# Exam 3: Advanced Data Structures and Algorithms

Distributed: Friday, April 28, 2006
Due: 11:00 a.m., Monday, May 8, 2006
Extensions in extreme circumstances only.

This page may be found online at `http://www.cs.grinnell.edu/~rebelsky/Courses/CS152/2006S/Exams/exam.03.html`.

Contents

## Preliminaries

The instructions on this exam are slightly different than the instructions on the other exam. Those who correctly summarize the differences on the cover page of their exam will earn two extra points on this exam.

There are four problems on the exam. Some problems have subproblems. Those who correctly or mostly-correctly answer four problems will earn an A. Those who correctly or mostly-correctly answer three problems will earn a B. Those who correctly or mostly-correctly answer two problems will earn a C. Those who correctly or mostly-correctly answer one problem will earn a D. Those who fail to answer any problems will earn an F.

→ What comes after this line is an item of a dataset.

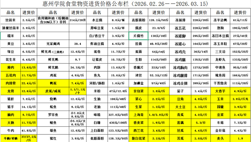 惠州学院食堂物资进货价格公布栏(2026.02.26-2026.03.15)

Experience shows that different people find different problems complex. Hence, if you get stuck on an early problem, try moving on to another problem and let your subconscious work on the early problem. (You'll also get a better sense of accomplishment if you can find at least one problem that you can solve early.)

This examination is open book, open notes, open mind, open computer, open Web. However, it is closed person. That means you may not talk to other people about the exam. Other than as restricted by that limitation, you should feel free to use all reasonable resources available to you. As always, you are expected to turn in your own work. If you find ideas in a book or on the Web, be sure to cite them appropriately.

Although you may use the Web for this exam, you may not post your answers to this examination on the Web (at least not until after I return exams to you). And, in case it's not clear, you may not ask others (in person, via email, via IM, by posting a please help message, or in any other way) to put answers on the Web.

This is a take-home examination. You may use any time or times you deem appropriate to complete the exam, provided you return it to me by the due date. Experience from the first two exams suggests that you should begin this exam early, or at least look at the problems early.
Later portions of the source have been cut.